My history of gallstones could also play a role. ‘Gallstone disease impairs the absorption of fat-soluble vitamins. Vitamin K2, essential for directing calcium into bone, is frequently deficient in people with gallbladder conditions.’ To cap it all my tests showed that my testosterone and DHEA (both bone-protective hormones – the latter helps produce the former) levels are non-existent or perilously low.

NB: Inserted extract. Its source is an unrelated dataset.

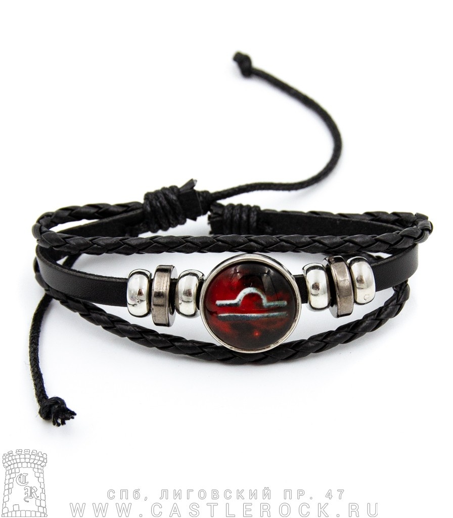 Фенечка кожаная Кабошон Знак Зодиака Весы (ч/к)

‘It’s complex,’ says Dr Abdulkader. ‘Each factor compounds the others. The encouraging news is that most of these are addressable.’ She strongly recommended I go on anti-fracture medication (the most common are bisphosphonates that help build new bone). She was pleased I had demanded to go back on HRT a couple of years ago at the age of 63 (‘you’ve missed many years of protection but at least it’s happening now’) and suggested it would be worth supplementing testosterone and DHEA. Further tests to ascertain my levels of vitamin K2 and the omega-3 fatty acids (EPA/DHA) would be wise. I should continue to exercise carefully, ideally under the guidance of an osteoporosis-aware PT.
I’m now armed with the information I need to go back to my GP and form a clear plan. Why was I not put on bone strengthening medication after that first DEXA scan, especially combined with my history of fragility fractures?
‘A busy GP with a ten-minute appointment, a patient presenting with a fracture requiring orthopaedic management, and no automated system prompting a bone health referral – this is the gap you fell through,’ said Dr Abdulkader. ‘It’s not uncommon.’
Very few of us can afford the luxury of private clinics – we rely on our GPs and hospitals to look after our bones. And in all too many cases it looks like there is much room for improvement.
Early diagnosis would actually save the NHS millions. The Royal Osteoporosis Society says that if everyone in England alone had access to a fracture liaison service it could prevent 74,000 fractures over five years and save the NHS £665 million while releasing 750,000 bed days (even when factoring in the cost of the FLS).
Meanwhile, I’m in limbo, waiting for an appointment with my GP in the hope that I can persuade her to put me on medication (it’s not a given as I technically don’t have full-blown osteoporosis, even though I’m a fraction away from it).
It’s also highly unlikely I will be able to get testosterone as the NHS only prescribes it for low libido (so I may need to get a private prescription for that). It’s left me feeling uncertain and, to be truthful, scared.
I’m terrified of breaking more bones. So many decisions feel perilous: should I do this exercise class? Could I risk going horse-riding (what if I fell)? Dare I chance a walk that involves steep declines?
I’m on high alert to any twinges, petrified they’ll turn into spasms. And, needless to say, I’m steering clear of bird-dog twists.